DATA PROVIDED
◇ ◇ ◇ ◇ ◇

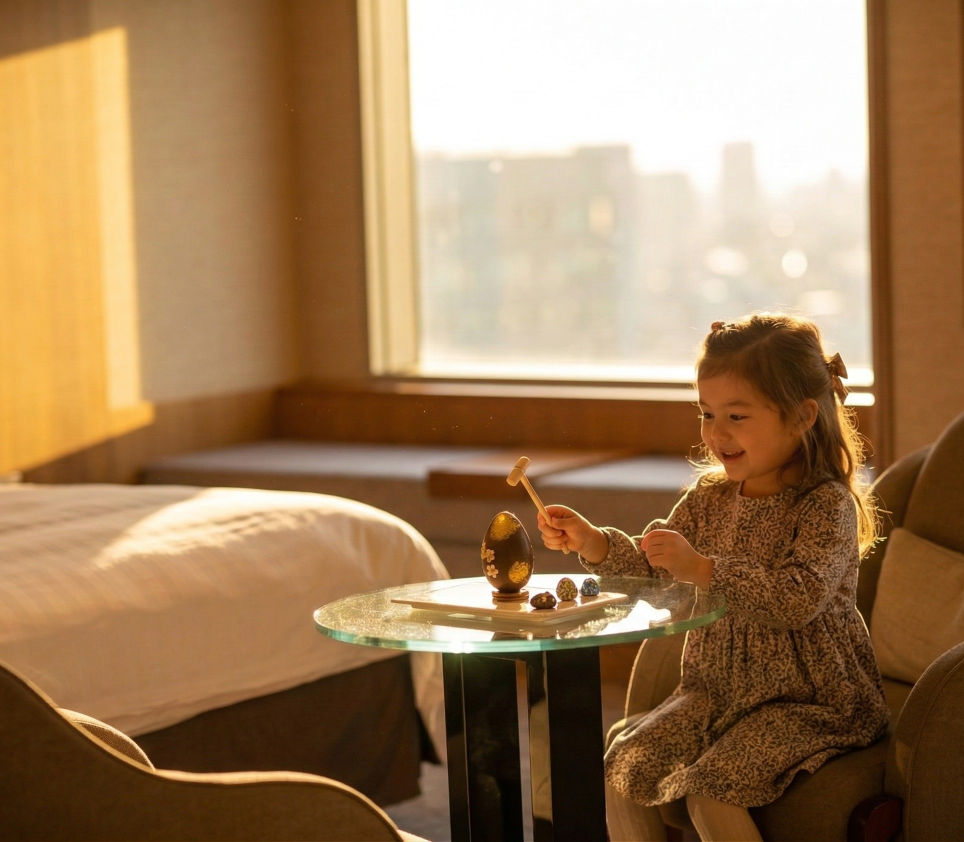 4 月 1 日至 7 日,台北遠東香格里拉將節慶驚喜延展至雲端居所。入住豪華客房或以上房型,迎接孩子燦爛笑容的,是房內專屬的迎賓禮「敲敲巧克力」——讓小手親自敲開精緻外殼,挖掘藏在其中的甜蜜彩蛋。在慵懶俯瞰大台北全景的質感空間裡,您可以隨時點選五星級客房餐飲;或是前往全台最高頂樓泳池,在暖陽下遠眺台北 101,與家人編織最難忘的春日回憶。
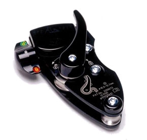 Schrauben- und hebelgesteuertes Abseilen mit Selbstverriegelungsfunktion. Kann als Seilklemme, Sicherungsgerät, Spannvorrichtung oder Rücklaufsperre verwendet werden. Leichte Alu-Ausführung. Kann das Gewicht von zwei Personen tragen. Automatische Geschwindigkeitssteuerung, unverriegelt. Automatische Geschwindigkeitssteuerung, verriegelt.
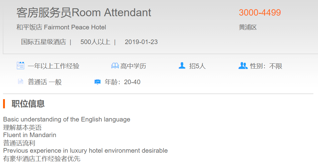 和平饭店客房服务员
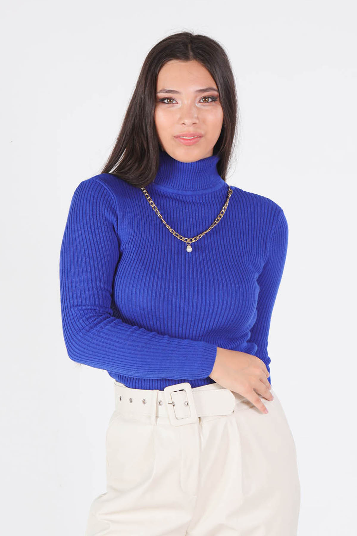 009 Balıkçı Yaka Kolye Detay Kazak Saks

◇ ◇ ◇ ◇ ◇

WHAT YOU ARE ASKED TO DO
Repeat the data in full and exactly. Omit pictures.

WORKED SOLUTION
 4 月 1 日至 7 日,台北遠東香格里拉將節慶驚喜延展至雲端居所。入住豪華客房或以上房型,迎接孩子燦爛笑容的,是房內專屬的迎賓禮「敲敲巧克力」——讓小手親自敲開精緻外殼,挖掘藏在其中的甜蜜彩蛋。在慵懶俯瞰大台北全景的質感空間裡,您可以隨時點選五星級客房餐飲;或是前往全台最高頂樓泳池,在暖陽下遠眺台北 101,與家人編織最難忘的春日回憶。
 Schrauben- und hebelgesteuertes Abseilen mit Selbstverriegelungsfunktion. Kann als Seilklemme, Sicherungsgerät, Spannvorrichtung oder Rücklaufsperre verwendet werden. Leichte Alu-Ausführung. Kann das Gewicht von zwei Personen tragen. Automatische Geschwindigkeitssteuerung, unverriegelt. Automatische Geschwindigkeitssteuerung, verriegelt.
 和平饭店客房服务员
 009 Balıkçı Yaka Kolye Detay Kazak Saks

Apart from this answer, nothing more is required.